Geleneksel Türk Tiyatrosu’nun simgesi olan ve belirli bir metne dayanmadan doğaçlama olarak sergilenen tuluat sanatının nesilden nesle aktarılmasında büyük önem taşıyan ‘kavuk’, 20 Eylül’de yeni sahibine teslim edilecek. Rasim Öztekin, dört yıl önce meslektaşı duayen tiyatrocu ve komedyen Ferhan Şensoy’dan devraldığı “kavuğu” diğer bir meslektaşı Şevket Çoruh’a verecek. Şensoy, kavuğu 2016’da Öztekin’e devrederken, “Türk tiyatrosunun durumu gerçekten zor.
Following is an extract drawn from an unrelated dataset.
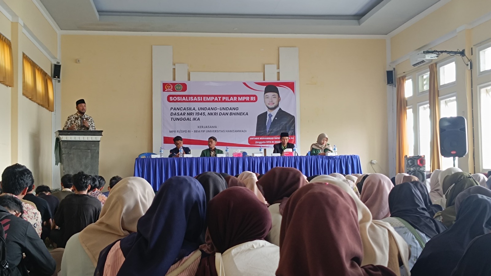 Demikian disampaikan oleh Anggota DPD RI, H. Muhammad Rifki Farabi pada kegiatan Sosialiasi 4 Pilar MPR RI di Aula Fakultas Teknik Universitas Hamzanwadi, Kamis, 11 September 2025.

Oradan kavuklu çıkar mı çıkmaz mı bilemiyoruz.” demişti.

 

 

Kel Hasan Efendi, İsmail Dümbüllü, Münir Özkul ve Ferhan Şensoy gibi tuluat sanatının usta isimlerinin taşıdığı ‘kavuk’ el değiştiriyor. Tiyatro ve sinema oyuncusu Rasim Öztekin, dört yıldır sahiplendiği emaneti, meslektaşı Şevket Çoruh’a takdim edeceğini açıkladı.

Çoruh, “kavuğun” kendisine devredileceğini öğrendiğinde gurur duyduğunu ve “bu onuru tüm ustaları ve her şeye ‘rağmen’ tiyatro yapmaktan vazgeçmeyen tiyatro emekçileri adına kabul ettiğini.” söyledi.
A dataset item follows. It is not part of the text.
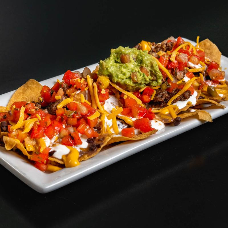 Fresh fried tortilla chips, cheddar cheese, black beans, pico de gallo, sour cream and guacamole | Add a choice of protein (Chicken, Steak, Shrimp or Ground Beef) +$6.00

Öztekin, 12 Mayıs 2016’da Ferhan Şensoy’dan devraldığı Geleneksel Türk Tiyatrosu’nun en önemli simgesi niteliğindeki “kavuğu”, 20 Eylül tarihinde İstanbul Harbiye Cemil Topuzlu Açık Hava Sahnesi’nde yapılacak törenle Çoruh’a takdim edecek.

“BÜYÜK ÖZVERİLERLE BABA SAHNE’Yİ KURDU”
Öztekin konuyla ilişkin açıklamasında şunları kaydetti: “Büyük özverilerle Baba Sahne’yi kuran, zorlu koşullarda tiyatro yapmaya ve tiyatroyu yaşatmaya çalışan Şevket Çoruh’a Türk Tiyatrosu’na bugüne kadar yaptığı ve yapacağı katkılardan dolayı kavuğu devredeceğim. Tiyatroya gönül verenleri 20 Eylül’de Harbiye Cemil Topuzlu Açık Hava Sahnesi’nde gerçekleştirilecek Kavuk Devir Teslim Töreni’ne bekliyoruz.”
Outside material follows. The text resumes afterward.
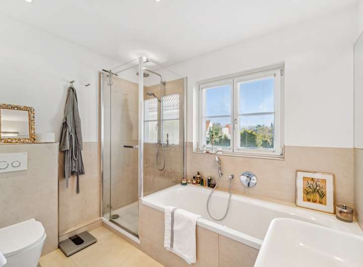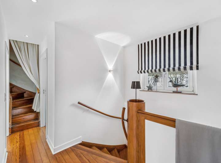 Diese charmante Doppelhaushälfte aus dem Jahr 1930 bietet auf einer Wohnfläche von ca. 163,6 m² und einem Grundstück von ca. 326 m² ausreichend Platz für Familien und Paare, die Wert auf stilvolles Wohnen legen. Mit insgesamt 5 Zimmern besticht das Objekt durch eine gelungene Raumaufteilung, die sowohl Großzügigkeit als auch Funktionalität vereint. Im Erdgeschoss erwarten Sie eine einladende Diele, 2 Zimmer mit bodentiefen Fensterelementen sowie ein WC. Außerdem sind im Erdgeschoss ein Vorratsraum, ein Hauswirtschaftsraum und ein Versorgungsraum untergebracht. Eine geschwungene, historische Holztreppe führt in das Obergeschoss, welches den rund 45 m² großen Wohn- und Essbereich sowie eine Küche mit Einbauküche beherbergt. Hier sorgt die gehobene Ausstattung für ein angenehmes Wohnambiente. Der offene Raum bietet verschiedene Möglichkeiten zur Gestaltung und verleiht dem Haus eine warme und einladende Atmosphäre. Eine Loggia, auf der man auch an ungemütlichen Tagen geschützt sitzen kann, rundet diese Etage ab. Ein Highlight des Hauses ist das 2. Obergeschoss, welches neben den komfortablen Schlafzimmern auch das Badezimmer beherbergt. Die Badezimmerausstattung ist zeitgemäß und bietet mit Badewanne sowie separater Dusche die Möglichkeit, den Tag entspannt zu starten oder ausklingen zu lassen. Die Schlafzimmer sind großzügig dimensioniert und bieten genügend Platz für individuelle Einrichtungsideen. Ein weiteres, kleines Zimmer eignet sich optimal als Home-Office oder Kreativraum und rundet das Raumangebot im 2. Obergeschoss ab. Im Jahr 2015 wurde das Haus umfassend modernisiert, was sich im gesamten Gebäude widerspiegelt. Der Außenbereich des Hauses lädt mit seinem Garten zum Entspannen ein. Hier können Sie eine Terrasse gestalten, die ideal für sommerliche Grillabende ist. Gartenliebhaber finden zudem genügend Fläche für kreative Bepflanzungen. Neben den ansprechenden Innen- und Außenbereichen überzeugt die Immobilie auch durch eine vorteilhafte Lage. Sie profitieren von einer guten Anbindung an das öffentliche Verkehrsnetz sowie in unmittelbarer Nähe gelegenen Einkaufsmöglichkeiten, Schulen und weiteren Einrichtungen des täglichen Bedarfs. Zusammenfassend bietet diese Doppelhaushälfte aus dem Jahr 1930 eine gelungene Mischung aus historischem Charme und zeitgemäßem Wohnkomfort. Die Modernisierungsmaßnahmen von 2015 haben dazu beigetragen, dass das Haus den technischen Standards von heute entspricht, ohne den Charakter des ursprünglichen Baus zu verlieren. Interessenten, die auf der Suche nach einem stilvollen Zuhause sind, das sowohl für Familien als auch für Paare geeignet ist, finden in diesem Objekt eine attraktive Möglichkeit.

Usta tiyatro ve sinema oyuncusu Rasim Öztekin, ‘kavuğu” Şevket Çoruh’a devrediyor. 

“KALBİM, ‘KAVUKLU OLARAK’ TİYATRO YAPMAMA İZİN VERMEDİ”
“Kavuğu” Şensoy’dan aldığı yaz, kalp yetersizliğinin yanı sıra ciddi boyutta ritm problemleri de yaşamaya başlayınca doktorunun canlı performans sergilemesini yasakladığını belirten ve “Kalbim, ‘kavuklu’ olarak tiyatro yapmama izin vermedi” diyen Öztekin, “bir bakıma kalp hastalığı nedeniyle çok sevdiğim tiyatrodan malulen emekli ” olduğunu dile getirdi: “Projeyi, senaryosunu, çalışma koşullarını seçebildiğim, yorulduğumda dinlenebildiğim sinema ve dizi projelerinde yer alarak sanatın içinde bir şekilde var olarak moral buldum. Durum böyle iken, kavuğu çok bekletmeden bir tiyatrocu kardeşime devretmeye karar verdim.”

“Kavuğun yeni sahibi” Şevket Çoruh

“YALNIZ OLMADIĞIMIZI HATIRLATAN YİNE USTALARIMIZ OLDU”
Baba Sahne’nin kurucusu Çoruh’un “kavuğun yeni sahibi olmasıyla” ilgili ilk değerlendirmesi şöyle: “Kişisel çabalamalarımızla doğurup, seyirci ve meslektaşlarımızın desteği sayesinde büyüttüğümüz yolculuğun, kendi küçük etkisi büyük bir virüs marifetiyle sekteye uğradığı bugünlerde, resmi makamlar tarafından bir başımıza bırakılmışken, bizi sarıp sarmalayan, yalnız olmadığımızı hatırlatan yine ustalarımız oldu.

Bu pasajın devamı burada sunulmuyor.